Emerging Threat Alert: 'OutlawCountry' Tool Used by CIA to Target Linux Systems

Latest response

I heart that the OS RHEL 6.x with Linux kernel 6.4-bit 2.6.32 installed could be affected
can you help me for work arround since im installing the RHEL 6.9
thanks

Responses

Hi Ilyasse,

The best "workaround" generally would be to install the latest secure and stable edition of RHEL, which actually is 7.4 !
For your convenience -> Red Hat Enterprise Linux 7.4 Product Download | Red Hat Enterprise Linux 7.4 Release Notes

Regards,
Christian

Hello Christian,

RHEL 6.9 is under full support. Not all ISV's support RHEL 7.x

I advise Ilyasse to open a support case.

Regards,

Jan Gerrit

Hi Jan Gerrit,

I know that RHEL 6.9 is fully supported ... but I don't think a new support case is necessary, as this issue is currently under investigation - or is your experience that in such a case, when Red Hat already is aware of a problem, it would accelerate the process ?

Regards,
Christian

Hi Christian,

I did not see Mark's posting. So there is not a real need for a Support Case, unless Ilyasse wants a possiblity to escalate to a duty manager if the investigation takes too much time.

Regards,

Jan Gerrit

Thanks for your quick feedback, Jan Gerrit. Mark and me must have posted the KB article at the same time - I hope you generally agree that using the latest stable edition of an operating system is always best practice though. :)

Regards,
Christian

Hi Christian,

I am a solution designer and have to say: the ISV is leading. If the ISV states I only certify my application for RHEL 6.x, I will not advise my customer to install RHEL 7.y (current).

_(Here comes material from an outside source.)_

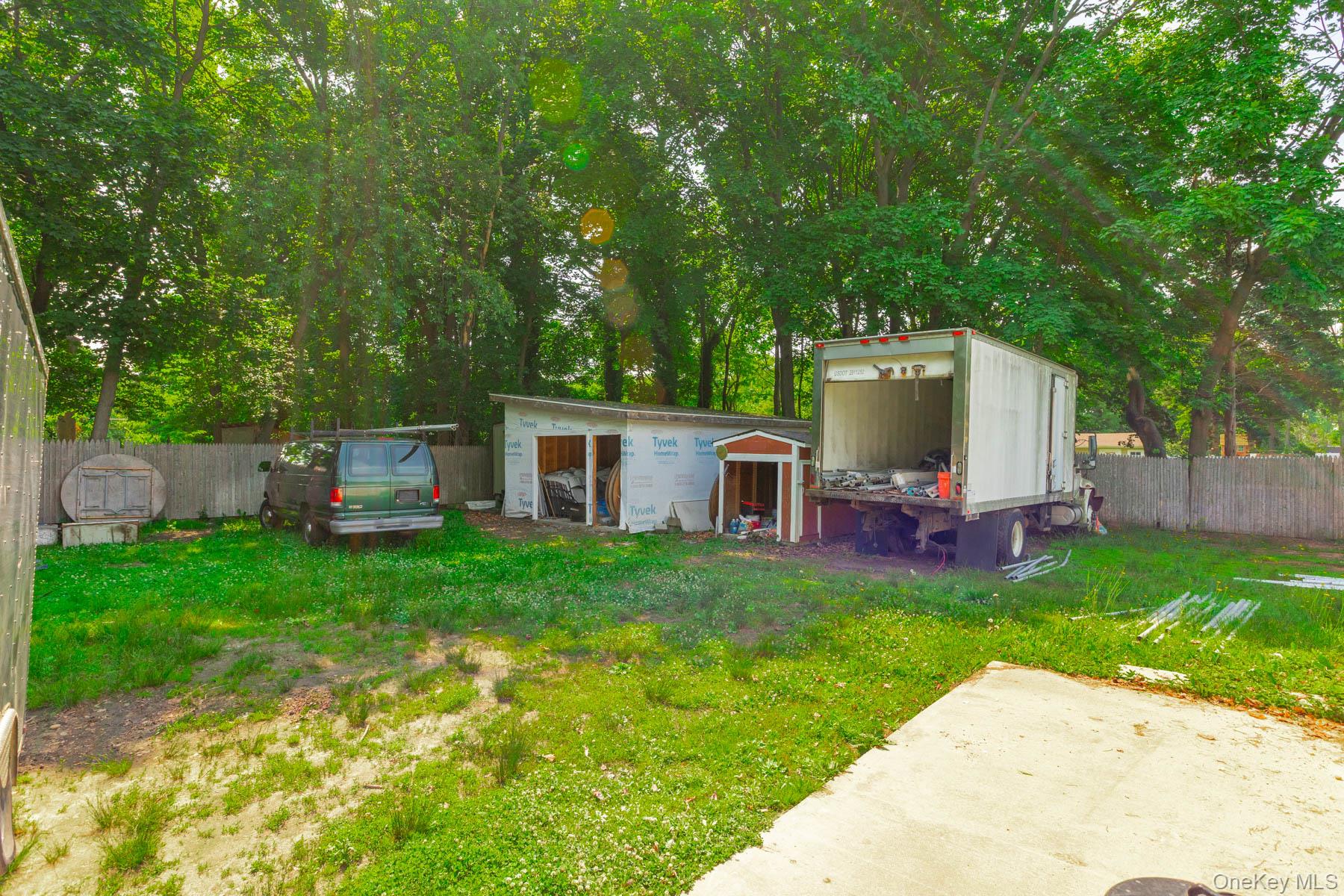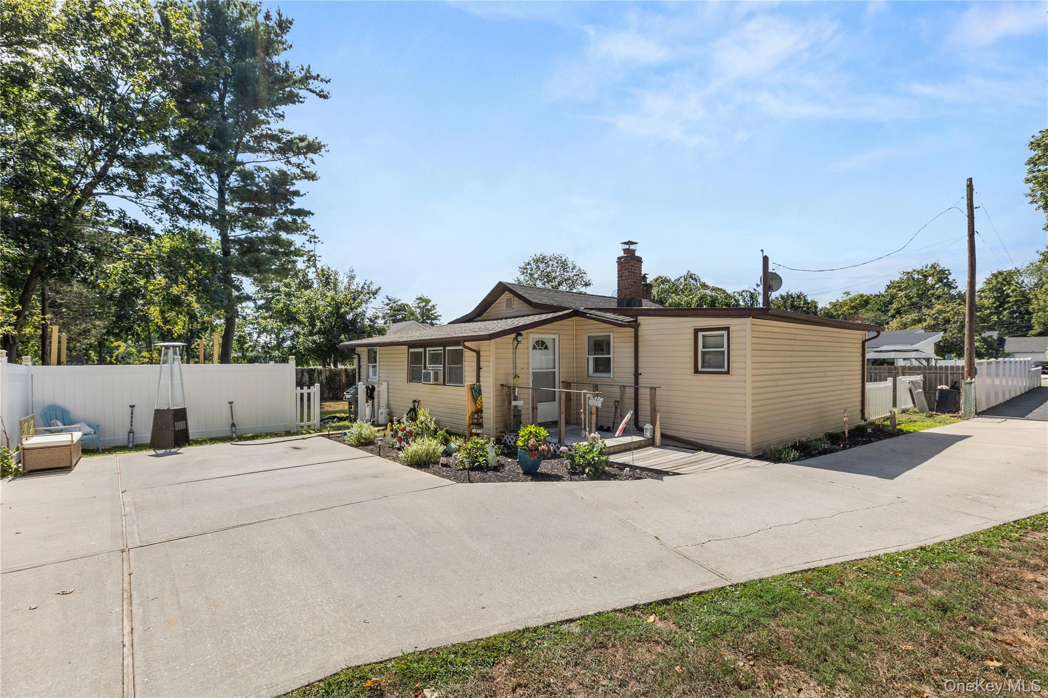 Charming and updated ranch set on a private flag lot. This home offers an inviting open-concept living and dining area centered around a large fireplace. The kitchen includes a laundry area and mudroom for added convenience. You’ll find three bedrooms and a newly renovated full bath. Additional highlights include a large walk-in closet (or potential office space), pull-down attic stairs for extra storage, and an oversized lot with two electric-equipped sheds and a fenced storage area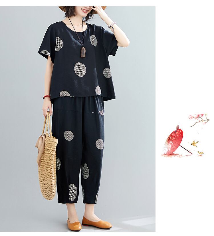 文学と芸術レトロな綿とリネンのスーツ女性の夏の新しいスタイルプラスサイズ脂肪mm母カバー腹ワイドレッグパンツリネンツーピーススーツ コットン 大きめサイズ サマー 夏物 ワイドパンツ TB2-12 TB2-1248626261279

My advise is follow the EOL policies of Red Hat, do not use an end of life RHEL minor release.

If a customer can choose between major release, it is best practise to pick the highest GA major/minor release, for it will be supported for the longest time period.

Regards,

Jan Gerrit

"The ISV is leading" ... okay Jan Gerrit, that indeed is a point I of course agree with, now I can better understand your opinion, thank you for clarifying the reason why it can be appropriate to stick with an older (supported) edition.

Regards,
Christion

Thanks Christien and Jan for teh answers i'm agree with you Jan, RHEL 6.9 with patch is recommended as work arround so i need support for installing this patch

Best Regards Ilyasse

There is guidance on OutlawCountry at: https://access.redhat.com/solutions/3099221

Dear Mark

I checked the link but the action's steps are not clear, could you please more explain if you had already tested this workarround

Regards Ilyasse

There is no "exploit" or "vulnerability" involved in the OutlawCountry tool. It is a kernel module. A user must already have root access to load the kernel module, just like loading any other kernel module.

Presumably you have some security guidelines in place to ensure unprivileged users cannot gain root access, either via the root account, or via sudo, or via other unpatched security errata. Following that security policy is the way to prevent this tool being used against you.

After I run the "lsmod" command I didn't get nothing

[root@hostname ~]# lsmod | grep nf_table 
[root@hostname ~]# 

Is this mean that I have no problem with my RHEL??

That means the CIA currently don't have the OutlawCountry module loaded on your system.